S.B.: My main motivation is my sister, who has Aicardi syndrome, a rare neurodevelopmental disorder with no known cause. As an undergraduate, I found it very interesting that beyond our genetic code, there are many levels of organization that protect and regulate our genome. By investigating this genomic organization, I hope to gain a new perspective to better understand its implications in diseases such as Aicardi syndrome.

Who are your role models in science? Why?

K.P.: My former lab managers are big role models for me. Their dedication to our lab made me want to be a better researcher. They inspired me to work harder and fostered a positive and supportive community. I strive to be as dedicated to my work and make as positive of an impact on future researchers as they had for me.

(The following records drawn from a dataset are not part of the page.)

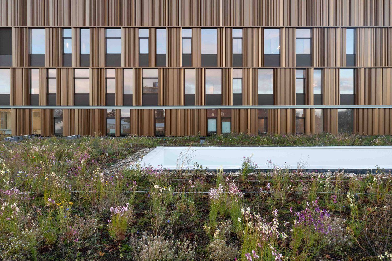 Since the building is mainly spread out horizontally, natural colors and materials are used on the facade, and the green roof design ensures that the hospital blends perfectly with the natural environment. The corrugated aluminum panels on the facade exhibit different light and shadow effects over time, making the building's exterior change with the time of day and the seasons. The protruding canopies emphasize the horizontality of the building while blocking solar radiation.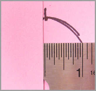 Coloque otra pieza de papel u otro objeto con un borde recto en la marca ½' perpendicular a la regla. Marque el punto donde el borde se cruza con la parte superior del óvalo.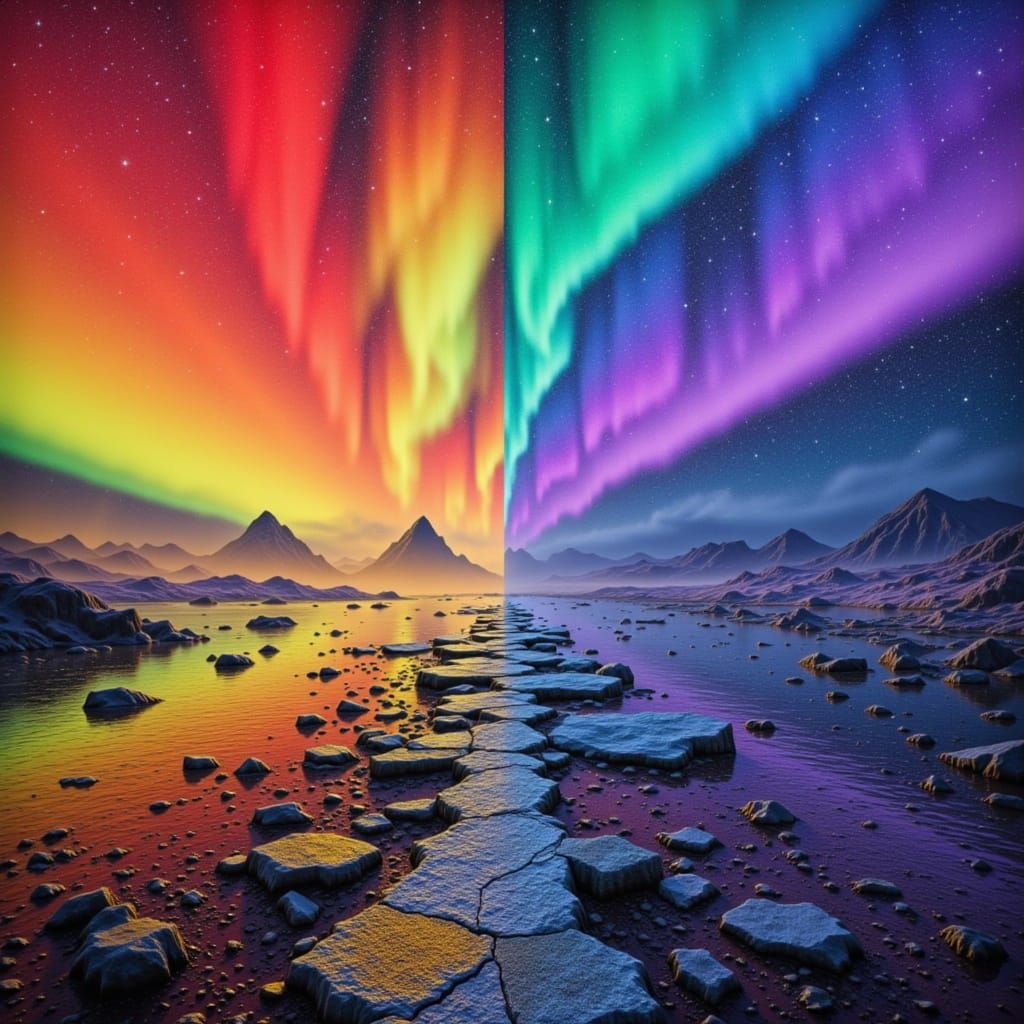 This surrealist artwork depicts a vivid aurora borealis seamlessly merging with intricate lace, creating a striking visual paradox. The image features ethereal lighting and a dreamlike quality.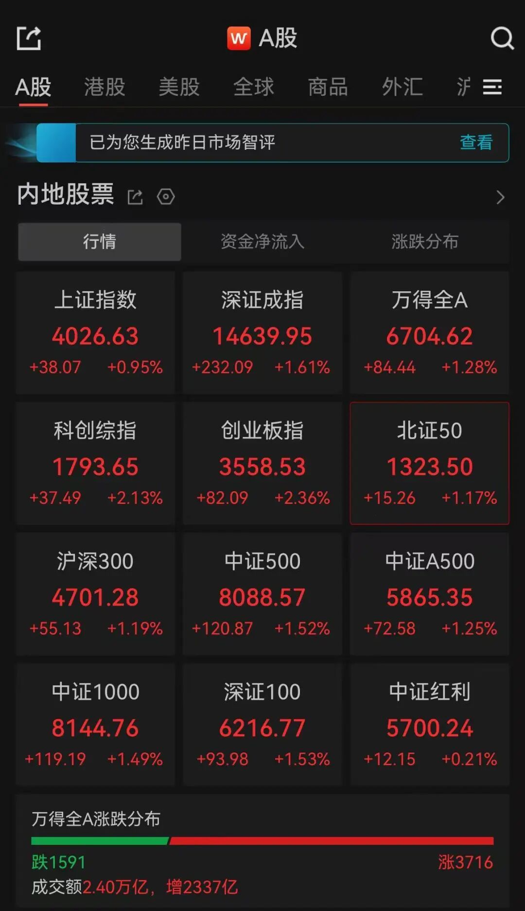 凤凰网财经消息,4月14日A股市场呈现震荡反弹态势,收盘时沪指上涨0.95%,重新站上4000点整数关口,深成指涨幅达1.61%,创业板指更是大涨2.36%,再创阶段新高。沪深两市当日成交额达2.38万亿元,较前一交易日增加2334亿元,全市场有超过3700只个股实现上涨。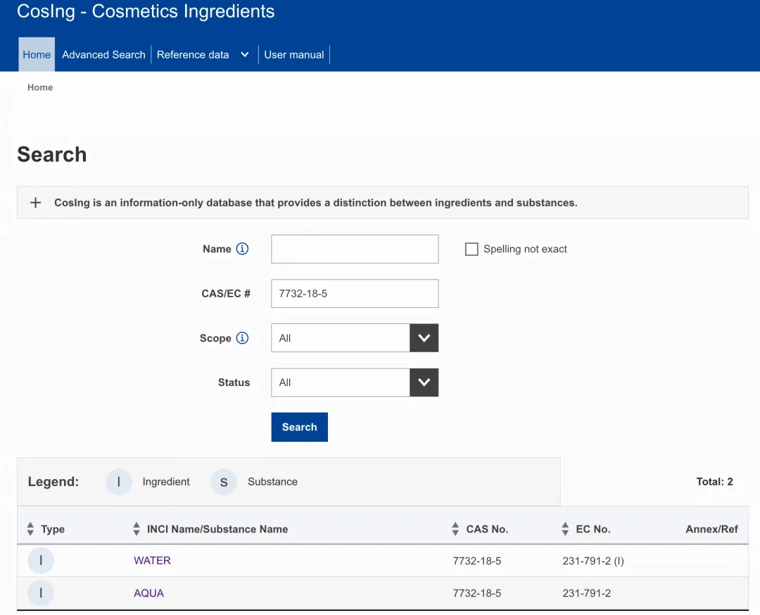 1. 成分出现在CosIng数据库中,并不代表该成分已被批准用于化妆品。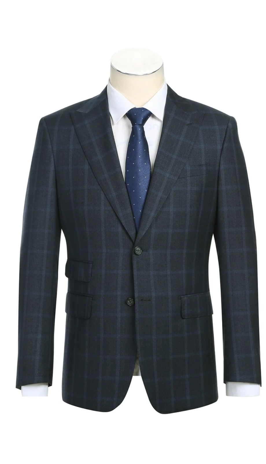 Peak lapels; Two button closure; Side vents; Lined
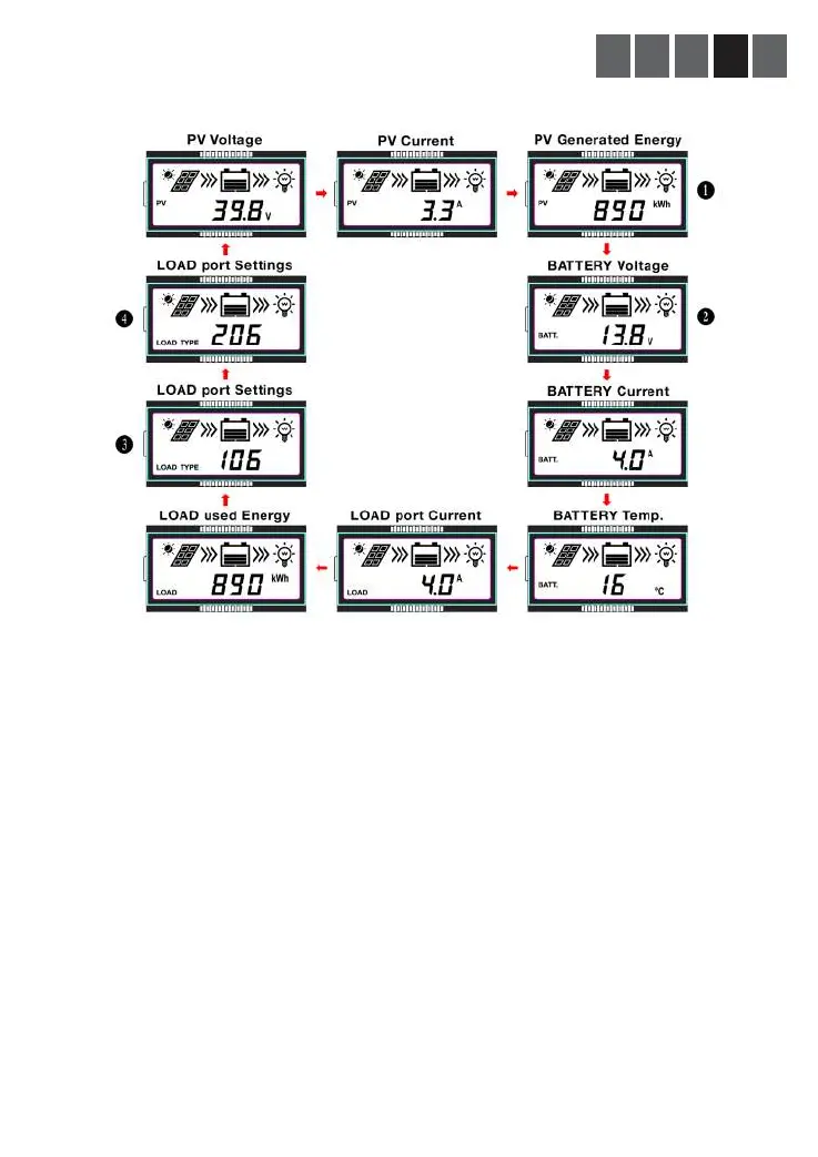 Status informatie wordt continu weergegeven op het LCD scherm. Er wordt automatisch doorgewisseld

S.B.: I have had many great experiences with other researchers, both at UMass and the NIH. My former PI Dr Stephens set an example as a science investigator and by sharing the four tenets he lives by: prioritize, communicate, think, repeat. At the NIH, I am supported by a great lab that continues to make me a better researcher. Finally, Dr Ignatia Van den Veyver and Dr Elliott Sherr, who both research Aicardi syndrome and have shared their work with patients' families at many family conferences, are also great role models.

What's next for you?

K.P.: I will be completing my master's degree in May of 2025. After graduation I plan to get a job in the biotech field. After gaining industry experience, I plan to pursue my PhD.

S.B.: I am currently a postbaccalaureate researcher investigating the role of chromatin structure in gene regulation in Dr Pedro Rocha's lab at the Eunice Kennedy Shriver National Institute of Child Health and Human development. I hope to pursue an MD-PhD to investigate rare diseases such as Aicardi Syndrome and offer specialized care in a clinical setting.

Tell us something interesting about yourself that wouldn't be on your CV

K.P.: I love to travel, explore different cultures and try new foods. This year I have had the privilege of visiting three different countries and I hope to continue traveling after finishing my degree!

S.B.: I will always accept a challenge for a handstand contest! After doing gymnastics for a decade, I still enjoy being upside down.